Countless other remedies have been proposed for the treatment of androgenic alopecia (Lambert, 1961), and probably cover most of the spectrum of the material world. There is often a body of anecdotal supporting evidence but only limited clinical data, but an open mind is always essential when reviewing treatments. The topical route is the preferred option to reduce systemic effects, control dose and point of delivery at the hair follicle and particularly the dermal papilla. There are without doubt other agents available that could have a physiological effect and could be used to control, or partially reverse the progression of androgenic alopecia, and traditional Chinese medicine and Ayuverdic medicine provide documented systems of health care that could provide such active agents.
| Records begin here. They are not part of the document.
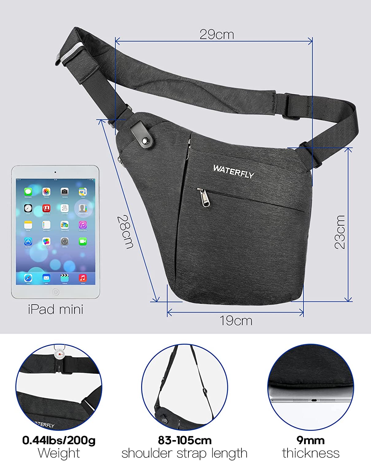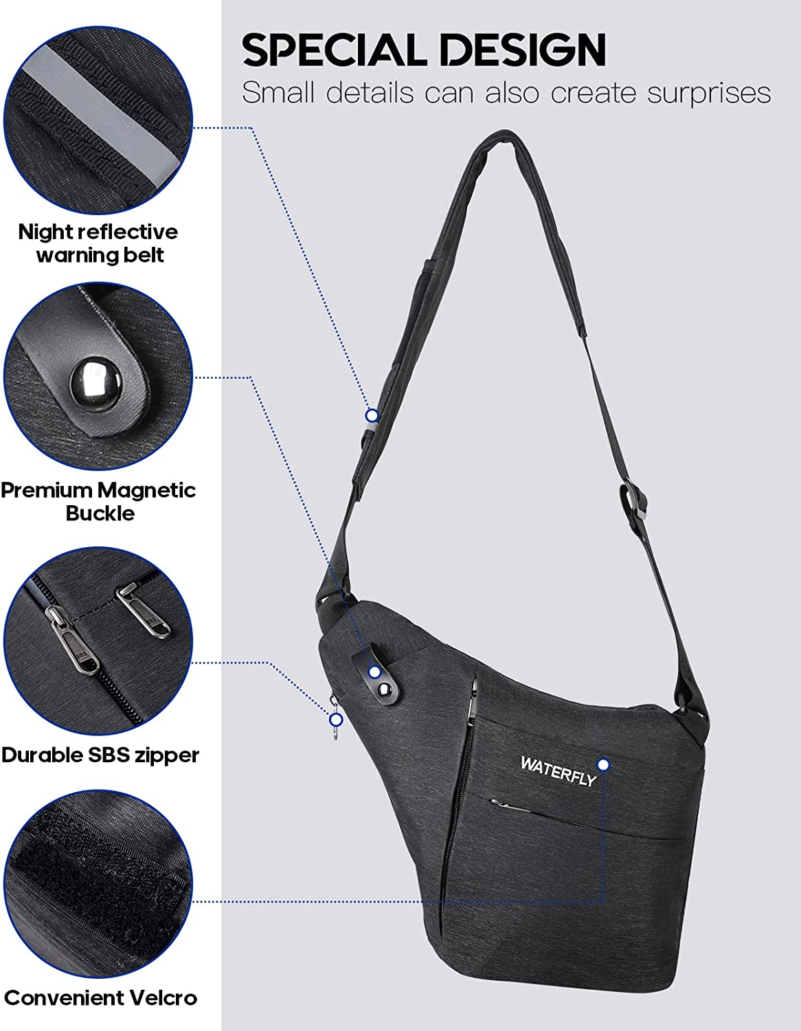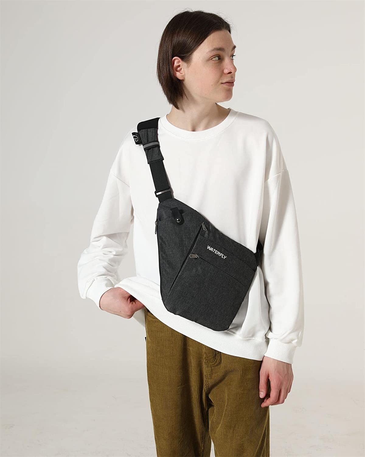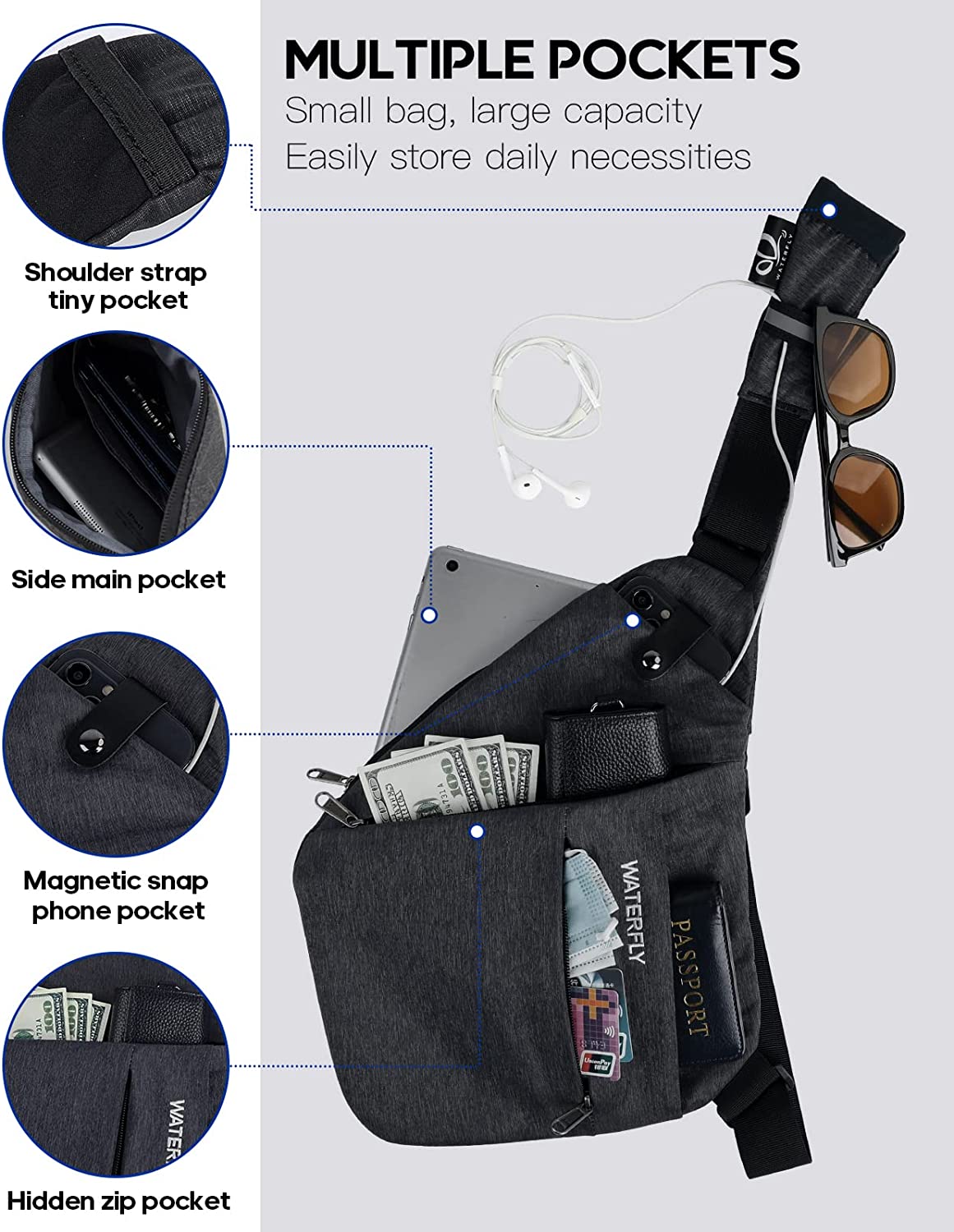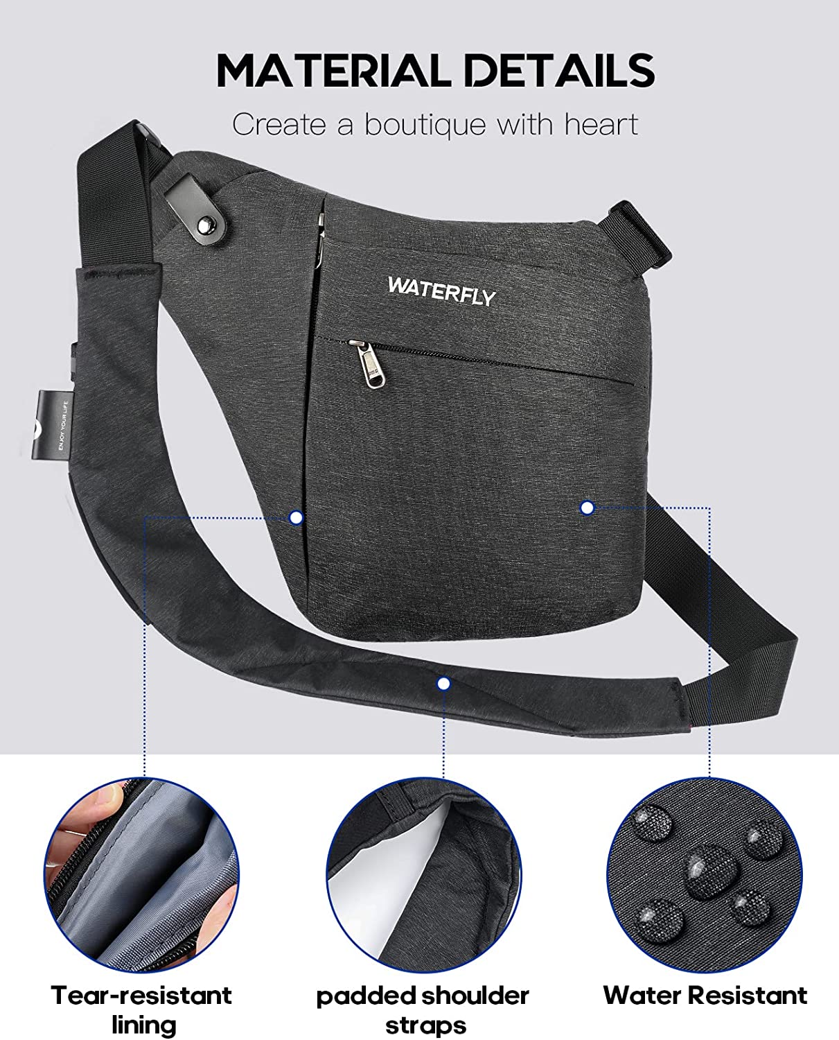 WATERFLY Sling Crossbody Chest Bag: Slim Anti-Theft Cross Body Bag Over Shoulder Backpack Stealth Side Pack Man Woman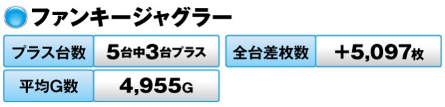 5台中3台がプラスで全台差枚数は+5,097枚と、パワーのあるところをアピールした。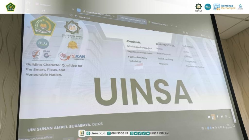UINSA Newsroom, Jumat (05/12/2025); Awal Desember 2025, UIN Sunan Ampel (UINSA) Surabaya resmi menerima Penghargaan Terbaik Pengelolaan Media Sosial dalam Humas Award 2025 yang digelar Kementerian Agama RI. Prestasi tersebut tentu membanggakan, namun tetap dibutuhkan evaluasi khususnya pada pengelolaan website yang belum masuk nominasi.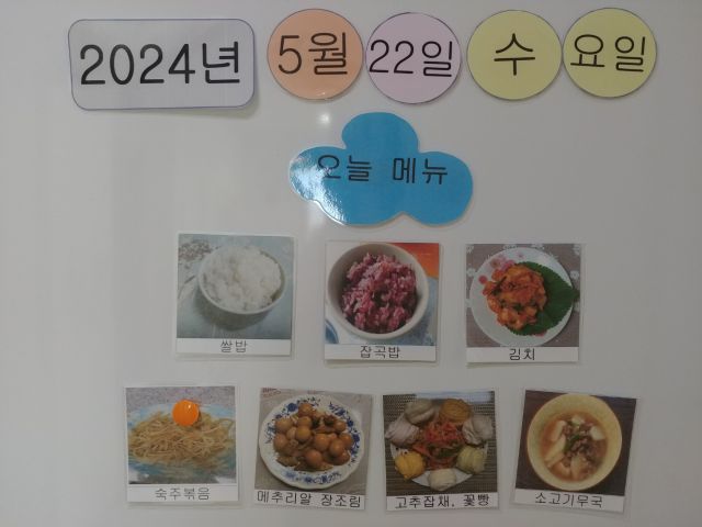 쌀밥, 잡곡밥, 숙주볶음, 메추리알 장조림, 고추잡채, 꽃빵, 쇠고기무국, 김치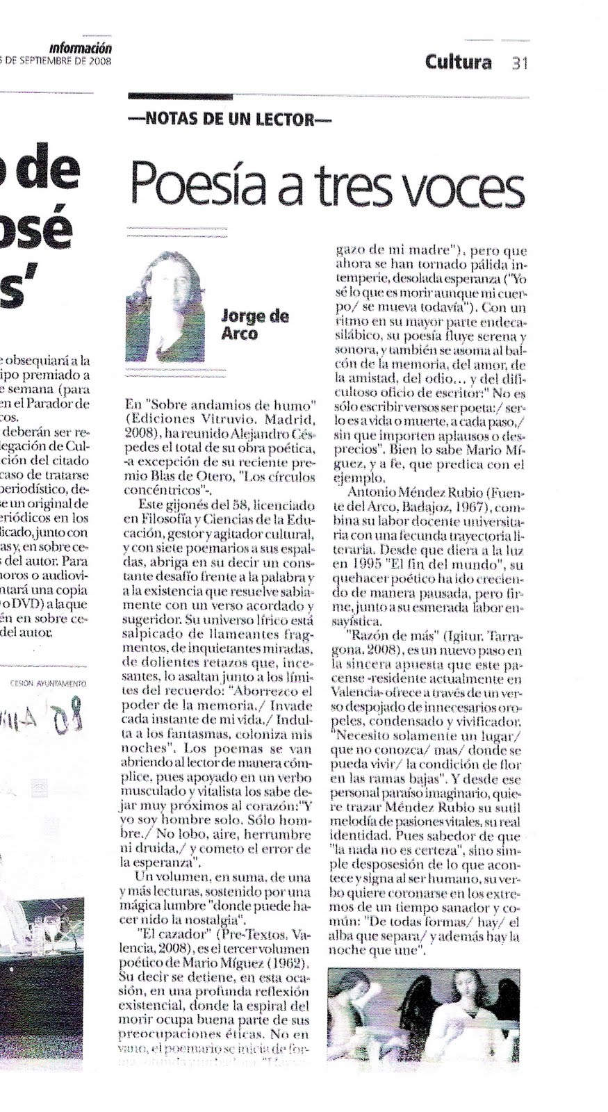 “Han pasado diez años de silencio editorial hasta encontrarnos con 'Sobre andamios de humo' que recoge toda su obra poética publicada hasta la fecha, permitiendo así al lector que no lo hubiera leído antes, apreciar la voz de uno de los poetas más hondos, lúcidos y fiel a sus convicciones de la actual poesía de nuestro país.

The ultimate treatment for androgenic alopecia and certainly the most effective is the employment of a surgical procedure for the rearrangement of the hair follicles on the scalp. The response to androgens is intrinsic to the individual hair follicle and this site-specificity forms the basis of cosmetic hair transplant surgery. It was shown that the dermis of the fronto-parietal region of the quail chick develops from the neural crest during embryogenesis, whereas the occipital-temporal areas of the scalp developed from the mesoderm (Ziller, 1996), and if this is mirrored in humans it may explain this differing response to androgens in cases of androgenic alopecia.